Data to use:
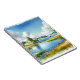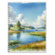 Das ist ein Notebook, das eine Aquarelldarstellung eines Segelbootes auf einem See hat.
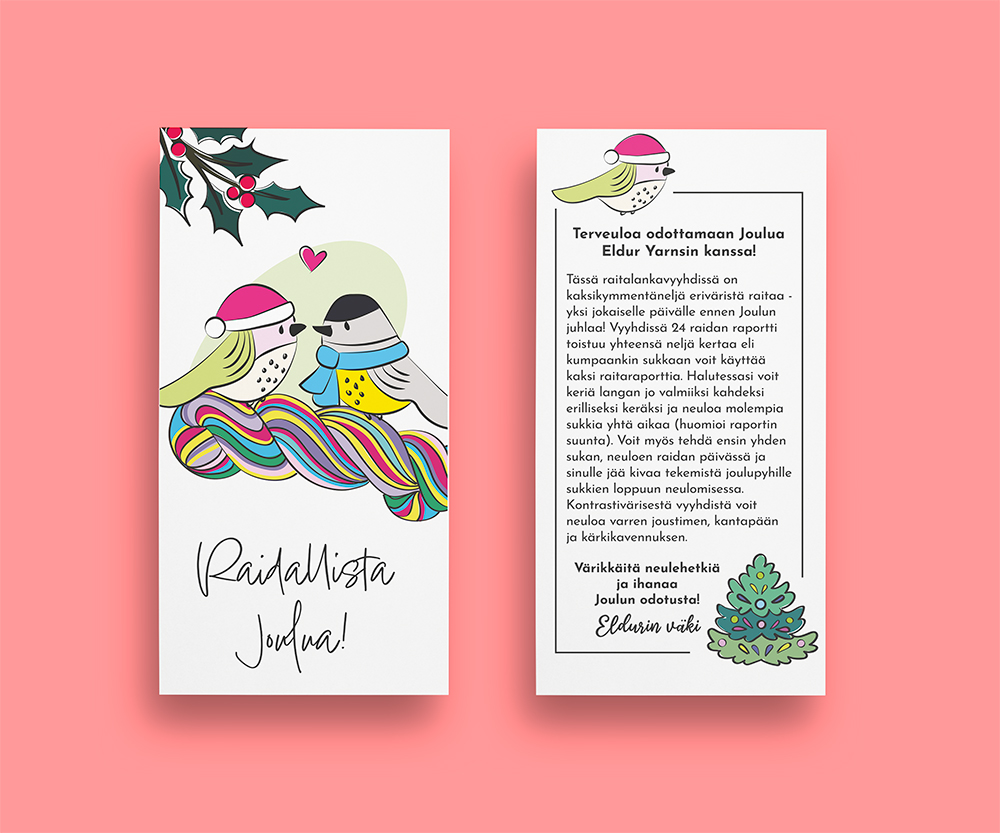 Logon ja graafisen ohjeiston luominen käsityöläisyritykselle. Yritykselle toteutettiin myös erilaisia digitaalisia kuvituksia ja markkinointimateriaaleja, kuten lankatuotteen vyöte ja tilausten mukaan liitettäviä flyereita.
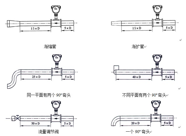 為了保證準(zhǔn)確的測(cè)量,流量計(jì)的上游必須有足夠長(zhǎng)的直管段,上游流動(dòng)分布盡可能不受干擾,如果有控制和節(jié)流裝置最好裝在下游。直管段長(zhǎng)度用管道內(nèi)徑D的倍數(shù)來(lái)表示,上下游最小的直管段要求如下:
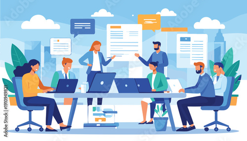 Женщина сидит и разговаривает с менеджером в кредитном отделе банка, векторная иконка выделена на белом фоне
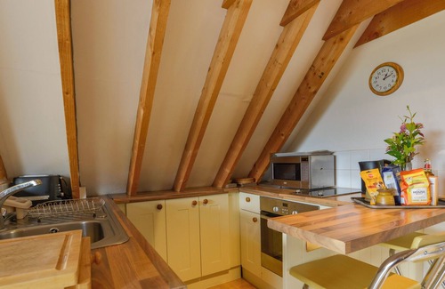 Amenities: Central heating. Compact and well equipped kitchen. Electric 2 ring hob, oven and grill, microwave, washing machine/dryer, fridge with freezer compartment and breakfast bar/chairs. TV with freeview, DVD, WIFI. Fuel and power inc in rent. Bed linen and towels inc in rent. Off road parking. Small balcony with table/chairs and further sitting space at base of steps, shared use of owner's garden. One dog welcome. Sorry, no smoking. Shop 3 miles, pub 1 mile. Note: The property is up wooden stairs on the first floor.
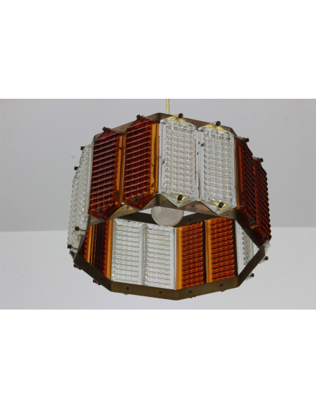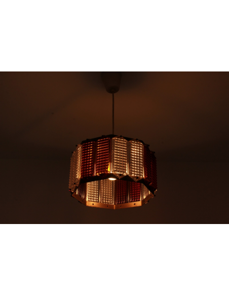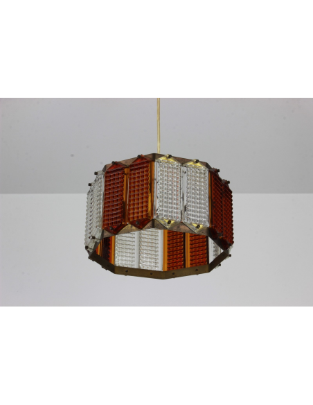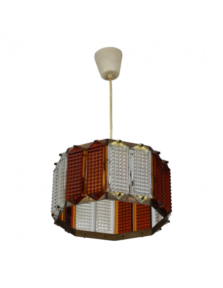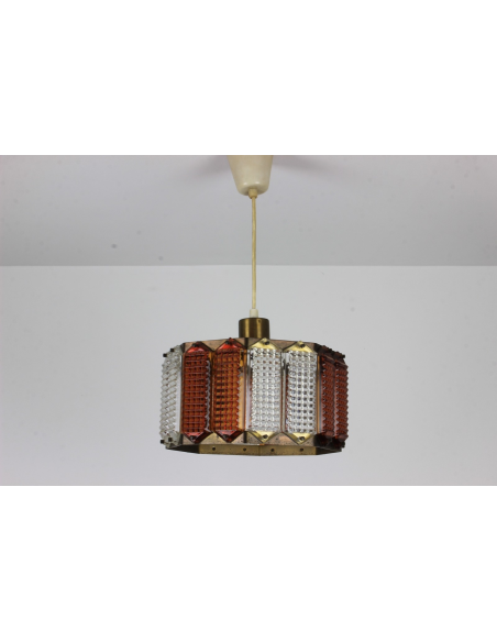 Lampa wyprodukowana w Polsce w latach 60. Wykonana jest z mosiądzu i szkła w przezroczystym i herbacianym kolorze. Mosiądz posiada naturalną patynę.
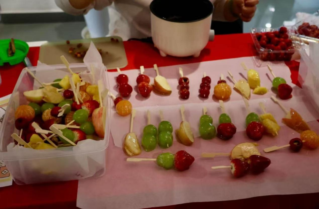 齐享传统美食创意市集的小吃区则给大家带来了一场美食盛宴,糖葫芦的红亮酸甜、棉花糖的梦幻绵软、热饮的香浓暖人,交织成一首舌尖上的温暖旋律。随着缕缕烟火袅袅升起,校园中弥漫着诱人的香气,让同学们在欣赏体验文创产品的同时感受属于美食的温暖。

Task: With the pictures stripped out, return each record word for word.

Answer section:
 Das ist ein Notebook, das eine Aquarelldarstellung eines Segelbootes auf einem See hat.
 Logon ja graafisen ohjeiston luominen käsityöläisyritykselle. Yritykselle toteutettiin myös erilaisia digitaalisia kuvituksia ja markkinointimateriaaleja, kuten lankatuotteen vyöte ja tilausten mukaan liitettäviä flyereita.
 為了保證準(zhǔn)確的測(cè)量,流量計(jì)的上游必須有足夠長(zhǎng)的直管段,上游流動(dòng)分布盡可能不受干擾,如果有控制和節(jié)流裝置最好裝在下游。直管段長(zhǎng)度用管道內(nèi)徑D的倍數(shù)來(lái)表示,上下游最小的直管段要求如下:
 Женщина сидит и разговаривает с менеджером в кредитном отделе банка, векторная иконка выделена на белом фоне
 Amenities: Central heating. Compact and well equipped kitchen. Electric 2 ring hob, oven and grill, microwave, washing machine/dryer, fridge with freezer compartment and breakfast bar/chairs. TV with freeview, DVD, WIFI. Fuel and power inc in rent. Bed linen and towels inc in rent. Off road parking. Small balcony with table/chairs and further sitting space at base of steps, shared use of owner's garden. One dog welcome. Sorry, no smoking. Shop 3 miles, pub 1 mile. Note: The property is up wooden stairs on the first floor.
 Lampa wyprodukowana w Polsce w latach 60. Wykonana jest z mosiądzu i szkła w przezroczystym i herbacianym kolorze. Mosiądz posiada naturalną patynę.
 齐享传统美食创意市集的小吃区则给大家带来了一场美食盛宴,糖葫芦的红亮酸甜、棉花糖的梦幻绵软、热饮的香浓暖人,交织成一首舌尖上的温暖旋律。随着缕缕烟火袅袅升起,校园中弥漫着诱人的香气,让同学们在欣赏体验文创产品的同时感受属于美食的温暖。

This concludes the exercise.